# [Work task]
When a picture appears in the listing, leave it out and copy the rest exactly as it stands.
*** Data block ***
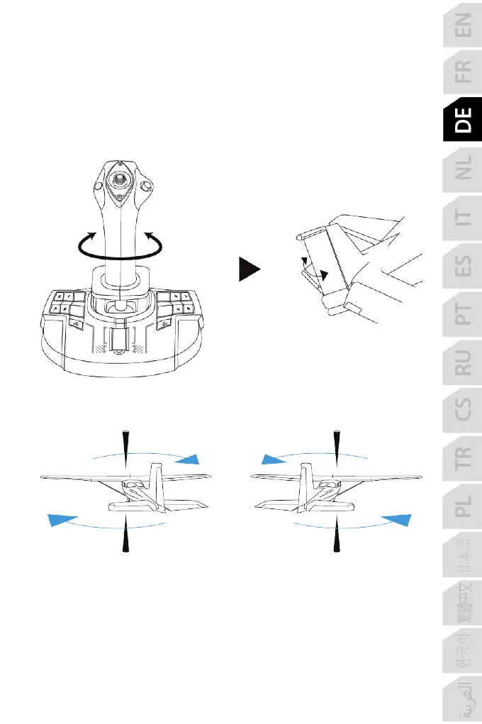 Ihr Joystick verfügt über eine Steuerruder-Funktion (10). In einem Flugzeug betätigt der Pilot
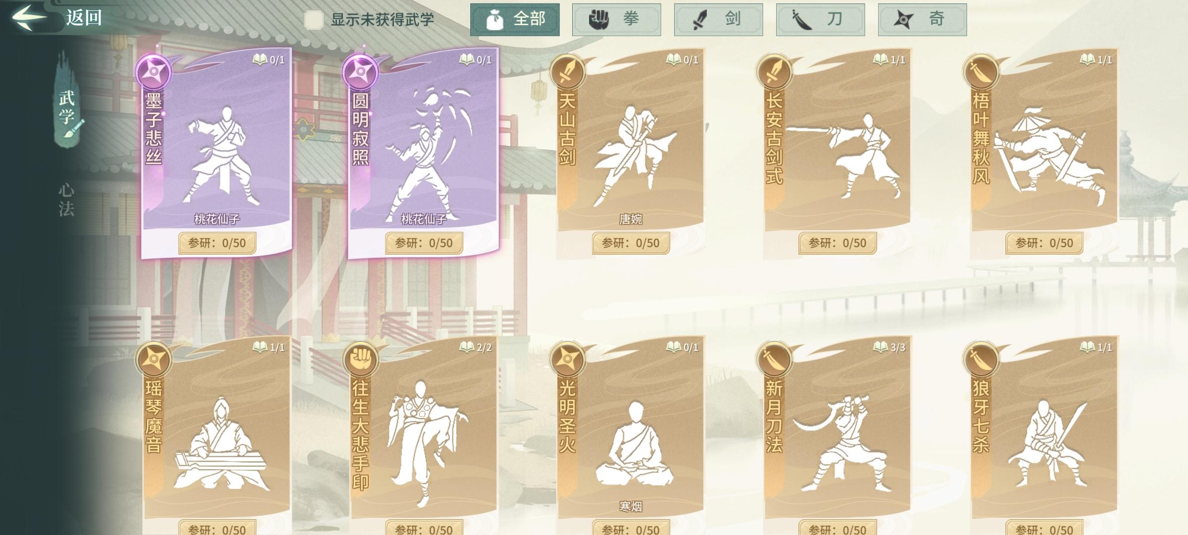 曲玉,枕徽,摩诘诗画,楚狂,莫失莫忘, 5选2的话选谁啊😁目前一个都没有。有三突太极拳,藏渊三剑0突
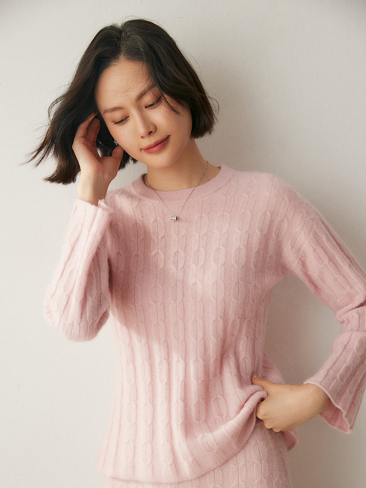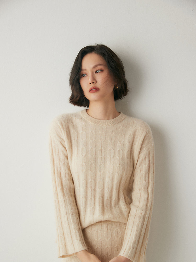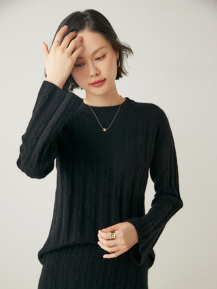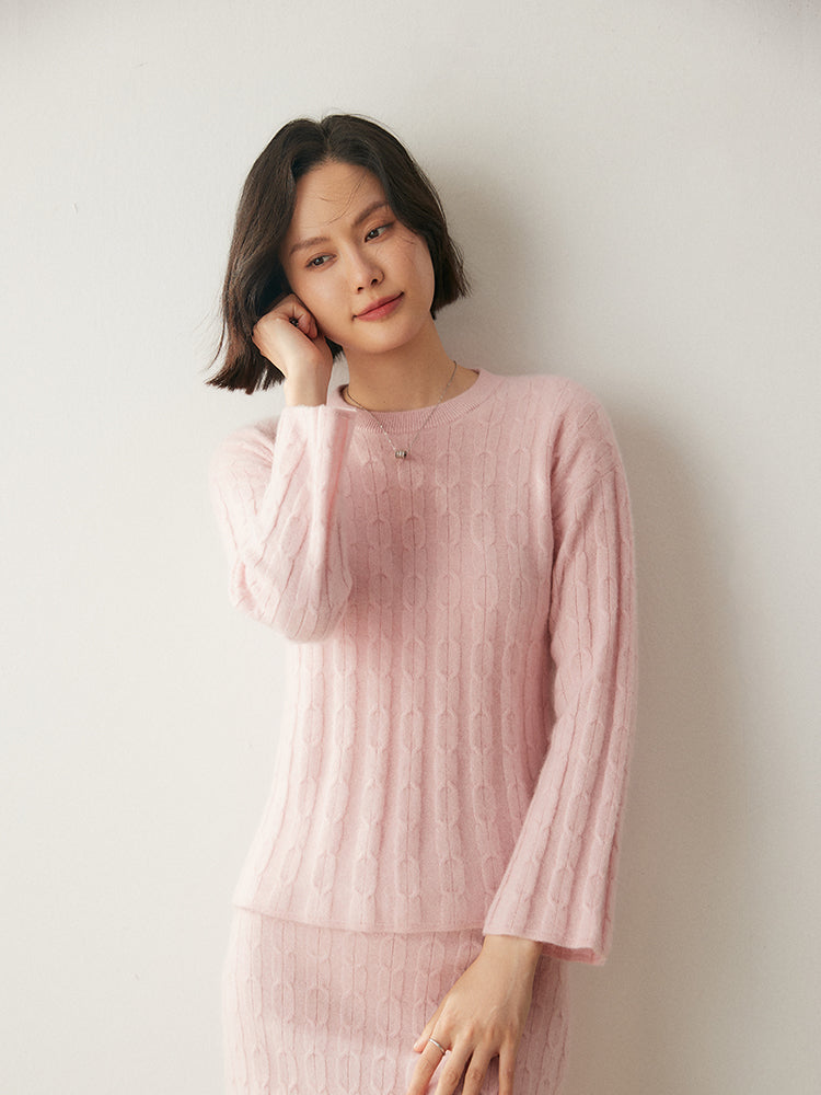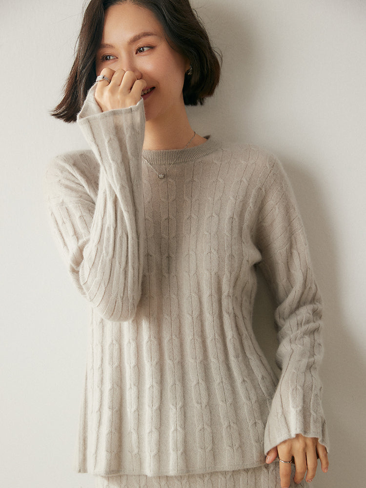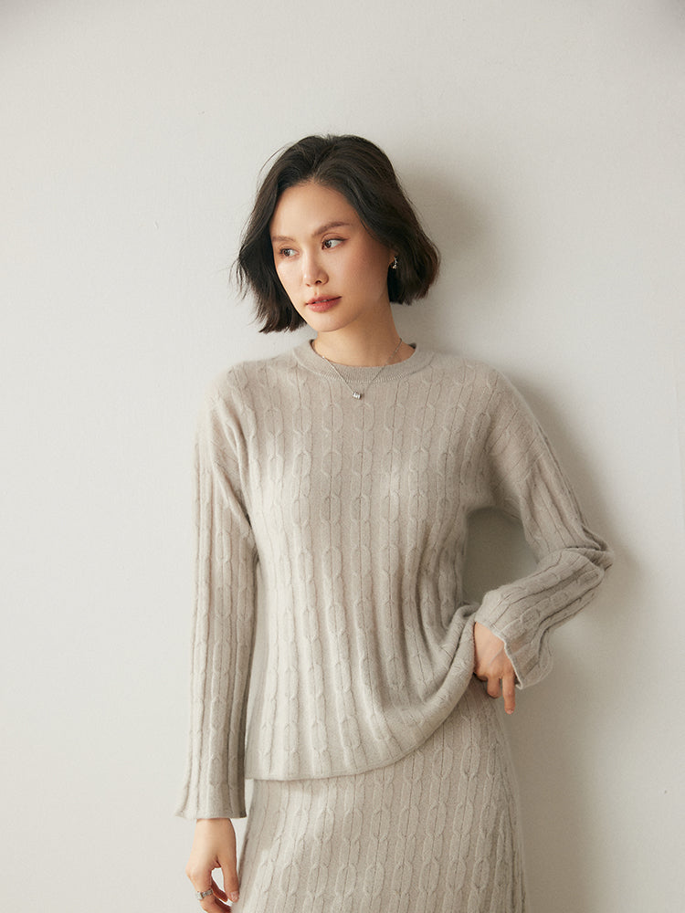 Experimenta la combinación perfecta de elegancia y comodidad con el conjunto de punto Volan Luxe, confeccionado con 35 % cachemira y 65 % lana para una sensación de lujo. El jersey de cuello redondo y la falda midi con cintura elástica están adornados con delicados dobladillos acampanados que añaden un toque de sofisticación y alegría a tu look. Su textura suave y su diseño chic lo hacen ideal para todo, desde días informales hasta ocasiones especiales. Llévalos juntos o por separado para crear estilos versátiles. ¡Una prenda imprescindible para quienes aman la elegancia natural!
***
# [Result of this task]
 Ihr Joystick verfügt über eine Steuerruder-Funktion (10). In einem Flugzeug betätigt der Pilot
 曲玉,枕徽,摩诘诗画,楚狂,莫失莫忘, 5选2的话选谁啊😁目前一个都没有。有三突太极拳,藏渊三剑0突
 Experimenta la combinación perfecta de elegancia y comodidad con el conjunto de punto Volan Luxe, confeccionado con 35 % cachemira y 65 % lana para una sensación de lujo. El jersey de cuello redondo y la falda midi con cintura elástica están adornados con delicados dobladillos acampanados que añaden un toque de sofisticación y alegría a tu look. Su textura suave y su diseño chic lo hacen ideal para todo, desde días informales hasta ocasiones especiales. Llévalos juntos o por separado para crear estilos versátiles. ¡Una prenda imprescindible para quienes aman la elegancia natural!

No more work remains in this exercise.